Exercise input:
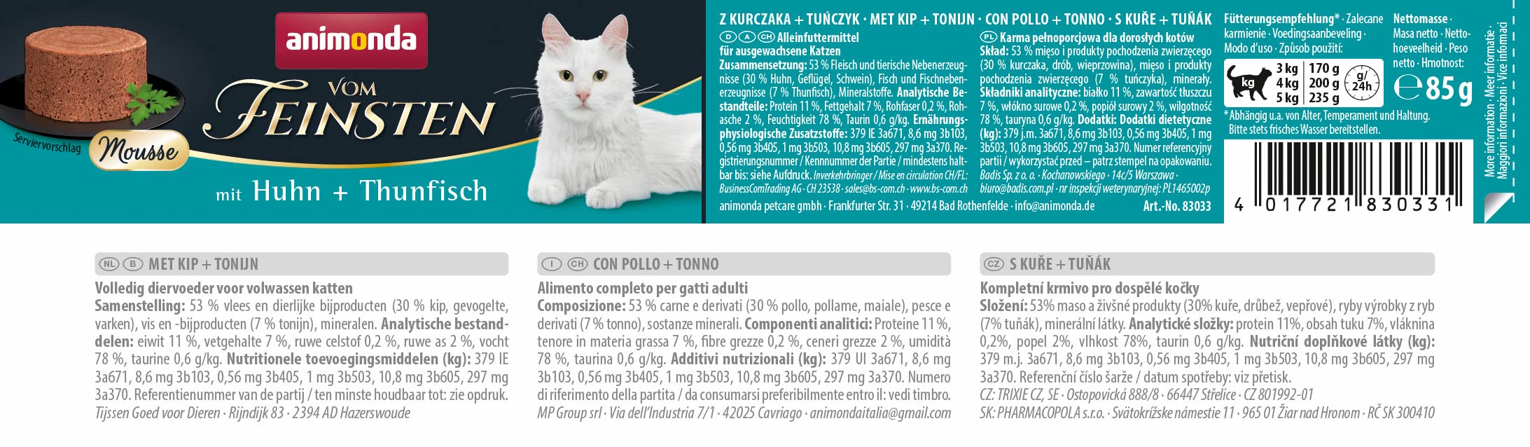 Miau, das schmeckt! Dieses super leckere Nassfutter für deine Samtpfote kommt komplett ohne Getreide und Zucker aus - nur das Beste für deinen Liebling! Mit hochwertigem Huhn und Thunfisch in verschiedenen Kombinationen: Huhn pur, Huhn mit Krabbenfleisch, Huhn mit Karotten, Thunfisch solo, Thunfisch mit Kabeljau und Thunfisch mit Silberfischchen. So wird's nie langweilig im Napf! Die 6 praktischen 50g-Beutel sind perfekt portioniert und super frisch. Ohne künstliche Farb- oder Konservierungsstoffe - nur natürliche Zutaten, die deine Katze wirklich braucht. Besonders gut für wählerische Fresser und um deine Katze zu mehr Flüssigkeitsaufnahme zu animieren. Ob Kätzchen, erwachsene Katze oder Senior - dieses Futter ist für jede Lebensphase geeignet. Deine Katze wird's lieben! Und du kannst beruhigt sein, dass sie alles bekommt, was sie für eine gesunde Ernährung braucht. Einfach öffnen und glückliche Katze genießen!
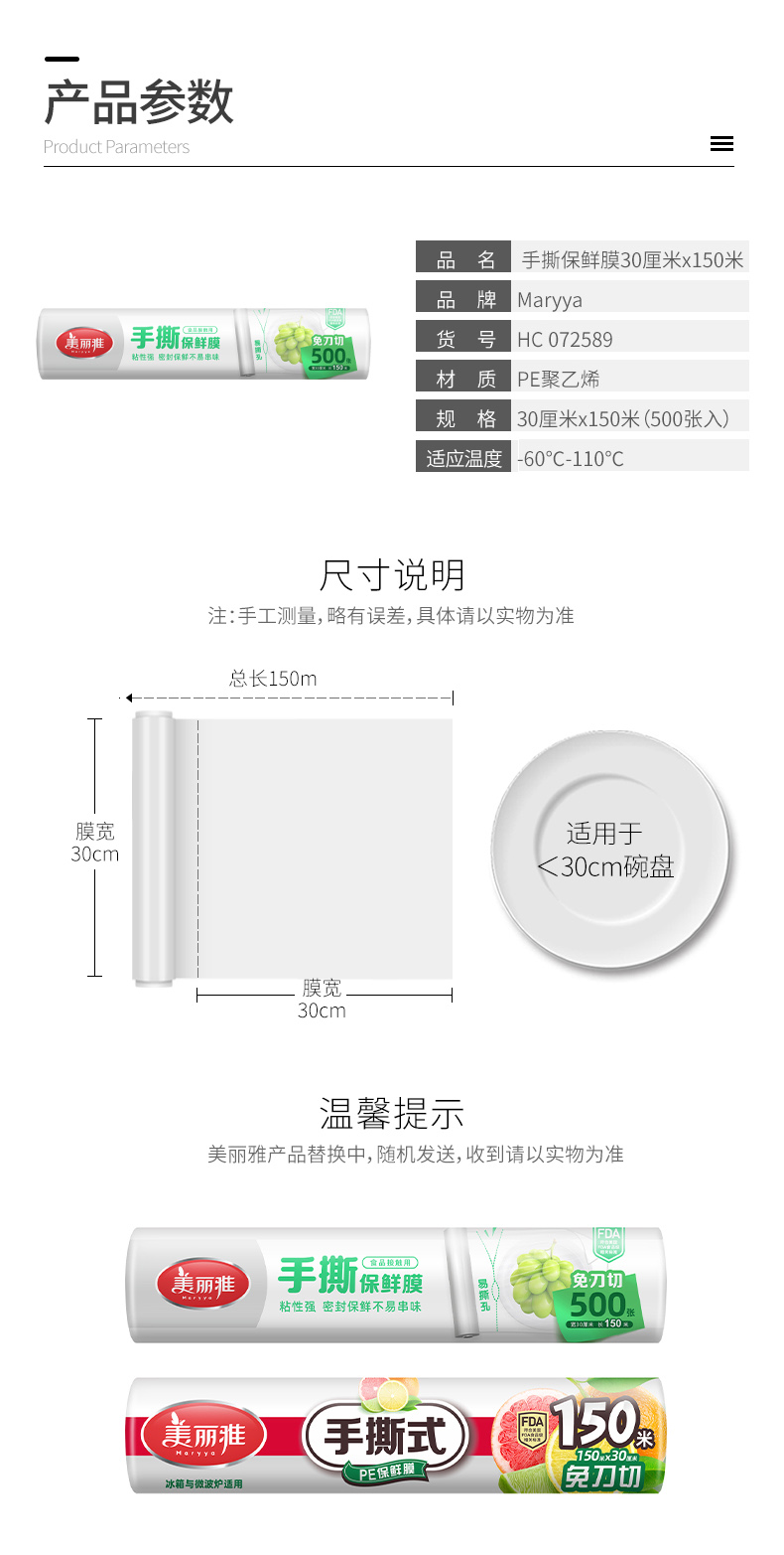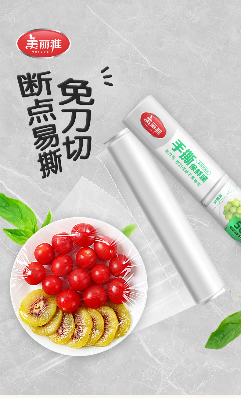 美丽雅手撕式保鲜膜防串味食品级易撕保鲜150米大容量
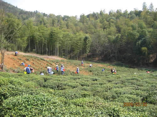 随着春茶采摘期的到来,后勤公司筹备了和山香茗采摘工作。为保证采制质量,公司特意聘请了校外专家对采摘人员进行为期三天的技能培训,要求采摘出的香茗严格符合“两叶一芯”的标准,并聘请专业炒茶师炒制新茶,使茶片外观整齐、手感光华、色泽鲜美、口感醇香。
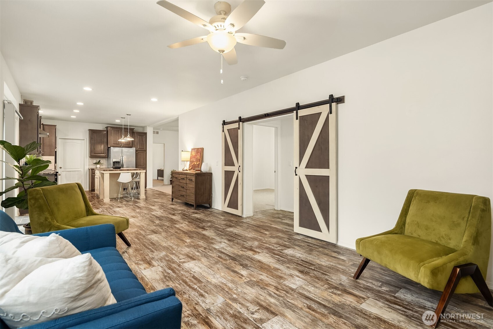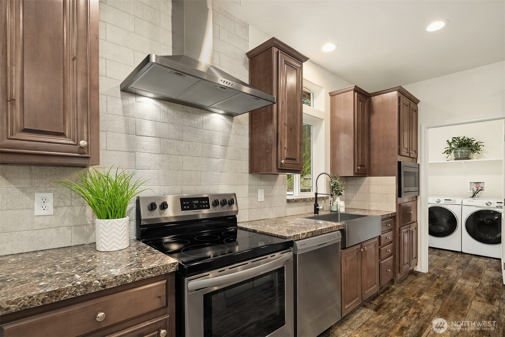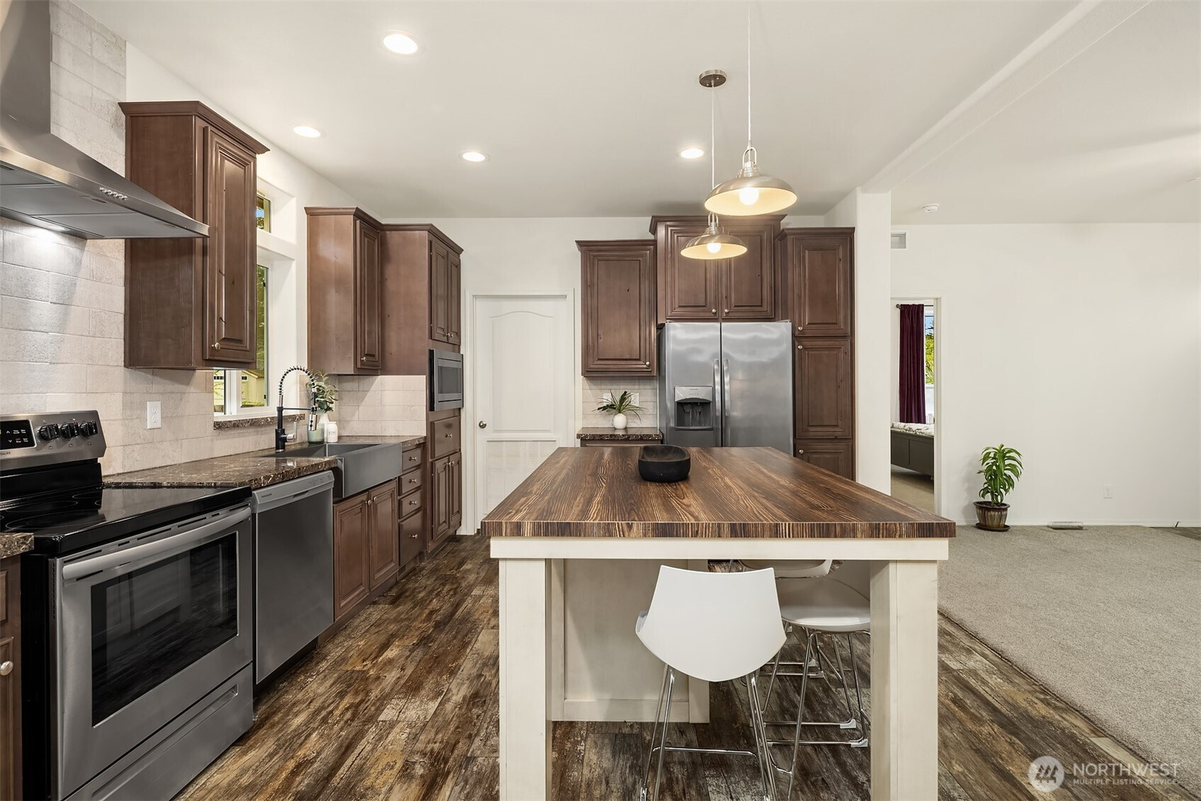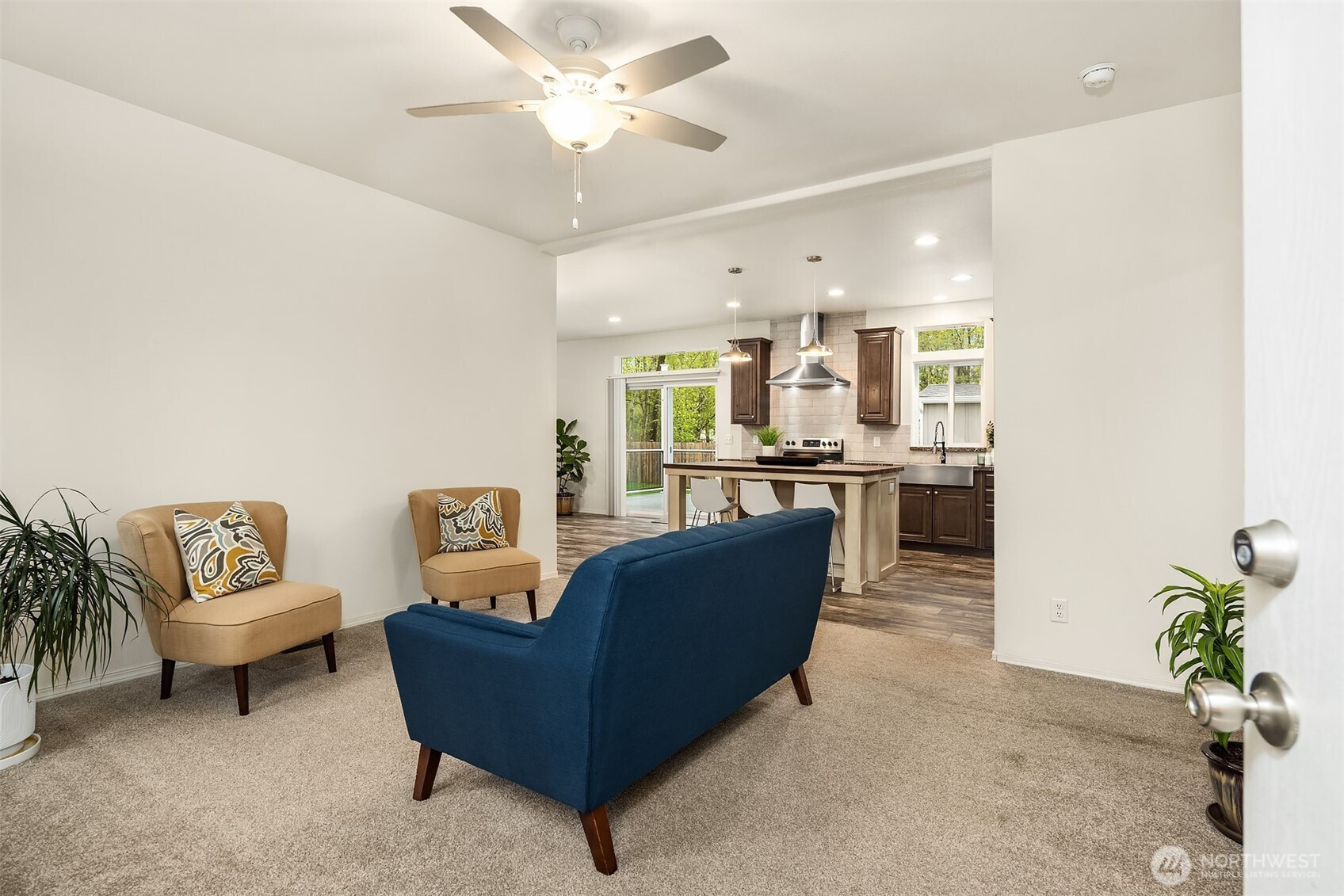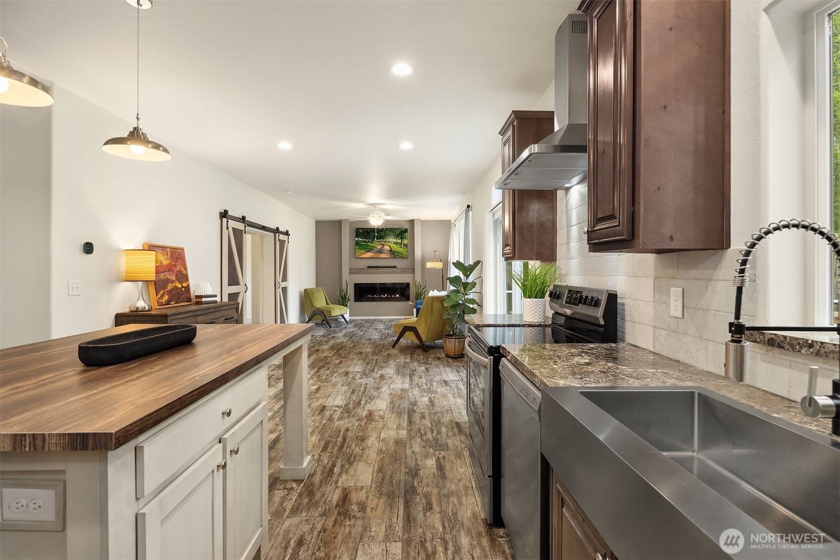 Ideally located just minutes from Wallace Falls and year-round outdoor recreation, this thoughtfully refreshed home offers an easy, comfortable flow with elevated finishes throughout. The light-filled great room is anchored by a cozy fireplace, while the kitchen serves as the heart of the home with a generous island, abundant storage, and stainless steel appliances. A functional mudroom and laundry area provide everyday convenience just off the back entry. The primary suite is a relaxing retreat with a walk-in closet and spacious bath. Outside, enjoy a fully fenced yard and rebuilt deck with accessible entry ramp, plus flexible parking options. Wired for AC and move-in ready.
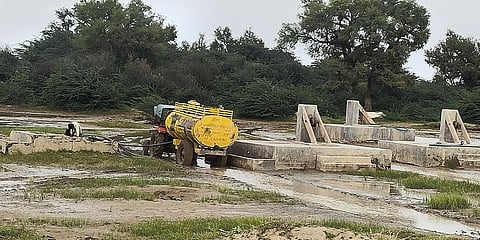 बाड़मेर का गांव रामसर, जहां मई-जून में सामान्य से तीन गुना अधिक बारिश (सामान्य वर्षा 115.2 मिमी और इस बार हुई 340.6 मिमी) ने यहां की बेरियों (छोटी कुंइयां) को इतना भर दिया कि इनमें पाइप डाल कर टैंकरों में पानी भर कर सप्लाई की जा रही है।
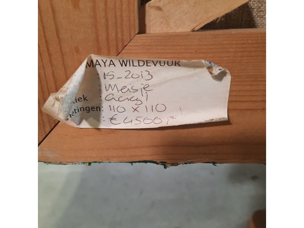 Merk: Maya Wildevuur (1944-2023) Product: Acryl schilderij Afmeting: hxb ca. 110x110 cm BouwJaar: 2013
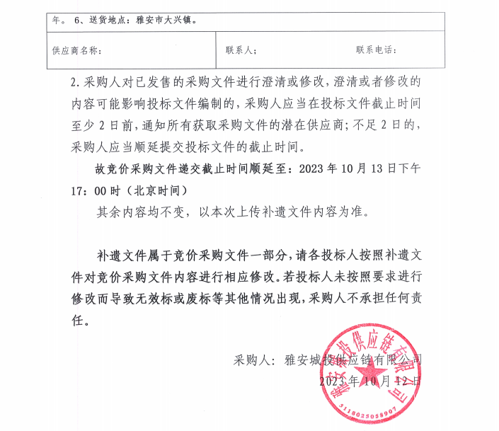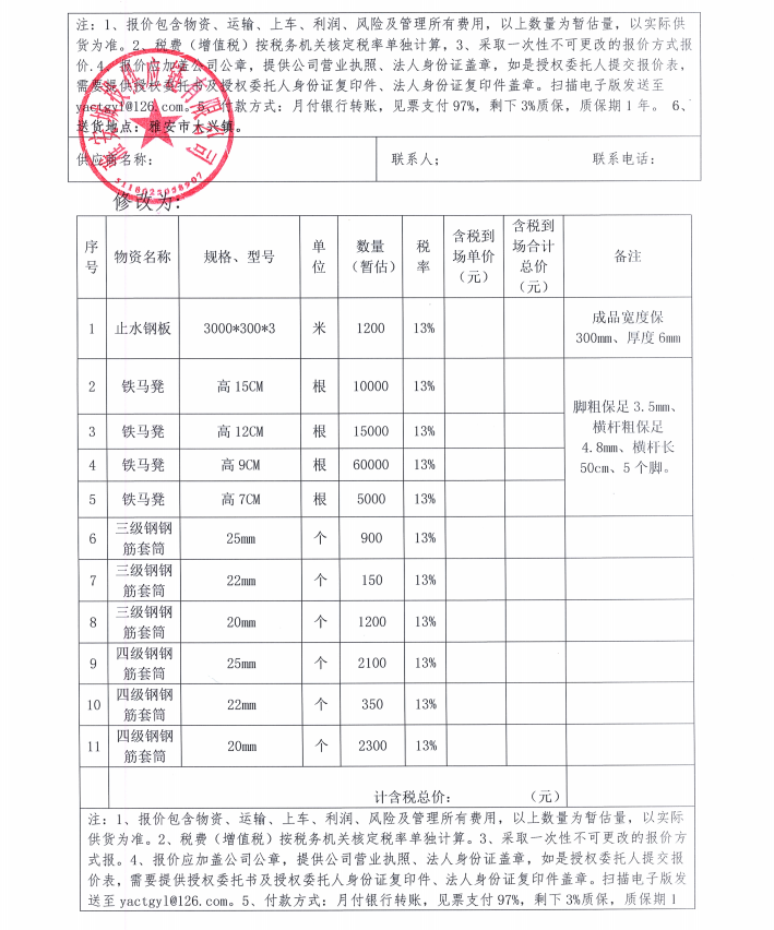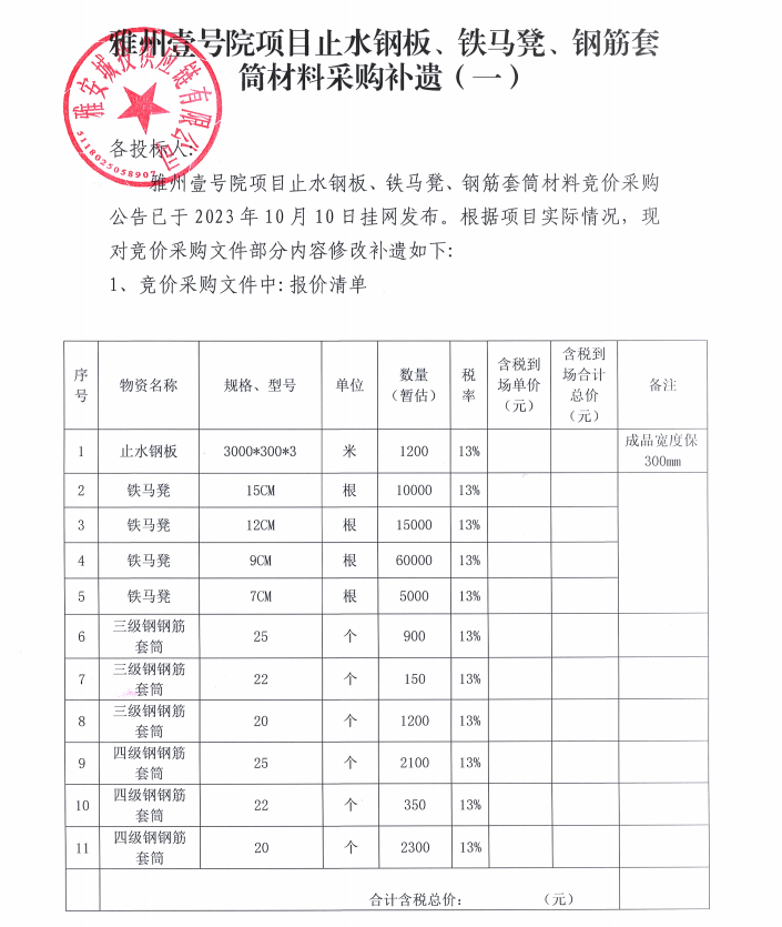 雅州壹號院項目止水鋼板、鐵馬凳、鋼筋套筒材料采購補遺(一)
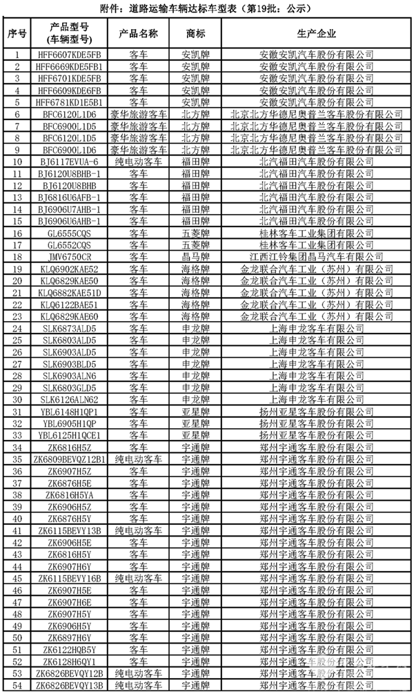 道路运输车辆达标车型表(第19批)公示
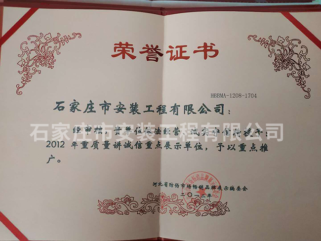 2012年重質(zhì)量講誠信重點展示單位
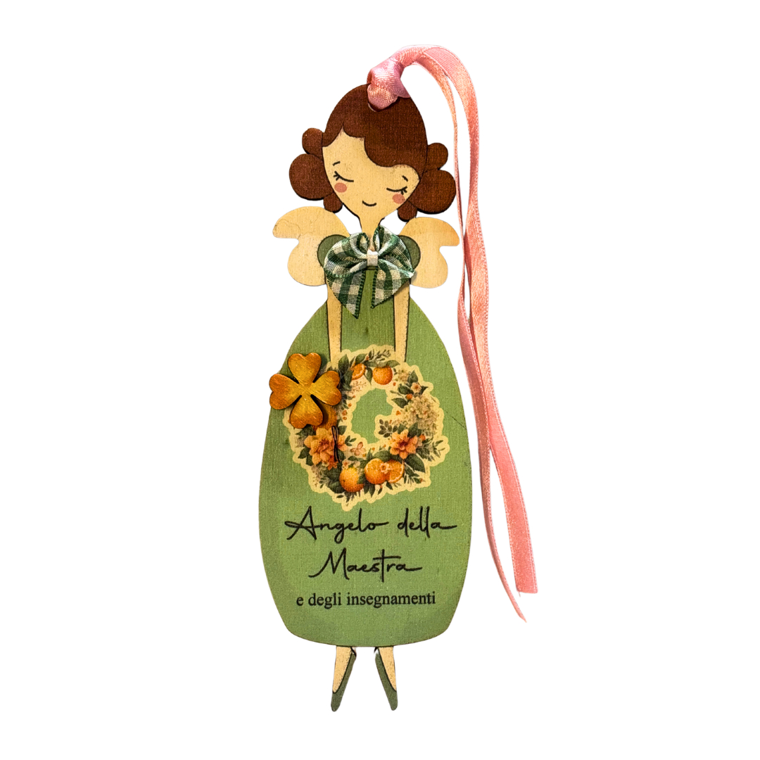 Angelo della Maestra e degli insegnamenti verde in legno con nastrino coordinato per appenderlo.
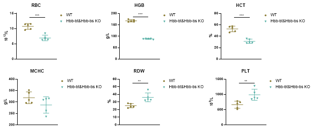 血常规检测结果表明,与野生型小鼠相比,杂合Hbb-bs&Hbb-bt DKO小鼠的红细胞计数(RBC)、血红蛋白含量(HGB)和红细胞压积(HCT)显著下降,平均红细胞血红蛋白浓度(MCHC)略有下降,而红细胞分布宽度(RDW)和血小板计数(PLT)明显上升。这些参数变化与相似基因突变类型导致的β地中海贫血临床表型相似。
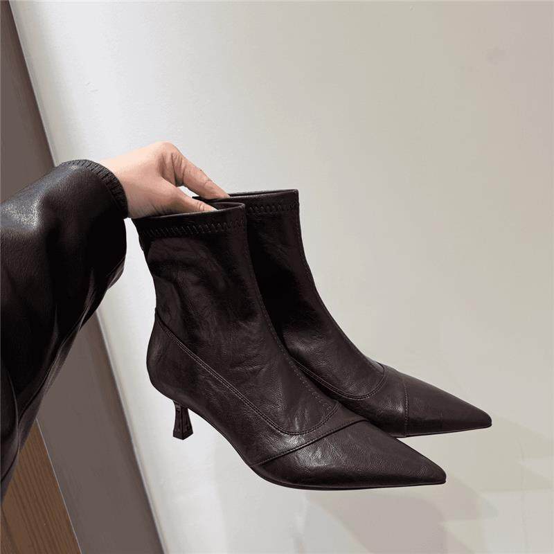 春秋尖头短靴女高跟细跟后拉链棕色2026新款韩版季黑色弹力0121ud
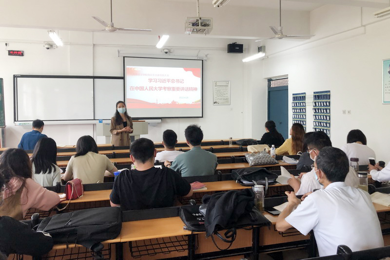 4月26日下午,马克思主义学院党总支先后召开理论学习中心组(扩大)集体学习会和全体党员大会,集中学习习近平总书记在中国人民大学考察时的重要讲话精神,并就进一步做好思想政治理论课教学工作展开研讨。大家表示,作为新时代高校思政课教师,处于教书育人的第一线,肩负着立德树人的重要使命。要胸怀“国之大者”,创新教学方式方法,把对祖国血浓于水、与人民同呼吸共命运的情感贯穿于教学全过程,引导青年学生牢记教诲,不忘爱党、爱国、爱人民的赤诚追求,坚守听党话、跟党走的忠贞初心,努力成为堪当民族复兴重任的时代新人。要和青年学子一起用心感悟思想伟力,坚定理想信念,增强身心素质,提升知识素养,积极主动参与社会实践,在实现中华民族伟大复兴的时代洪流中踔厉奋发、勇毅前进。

Task description:
Work from the entries above. Set down exactly and only the lines from the line with "美丽雅手撕式保鲜膜防串味食品级易撕保鲜150米大容量" to the line with "随着春茶采摘期的到来,后勤公", both included, and leave the pictures out.

Answer for this exercise:
 美丽雅手撕式保鲜膜防串味食品级易撕保鲜150米大容量
 随着春茶采摘期的到来,后勤公司筹备了和山香茗采摘工作。为保证采制质量,公司特意聘请了校外专家对采摘人员进行为期三天的技能培训,要求采摘出的香茗严格符合“两叶一芯”的标准,并聘请专业炒茶师炒制新茶,使茶片外观整齐、手感光华、色泽鲜美、口感醇香。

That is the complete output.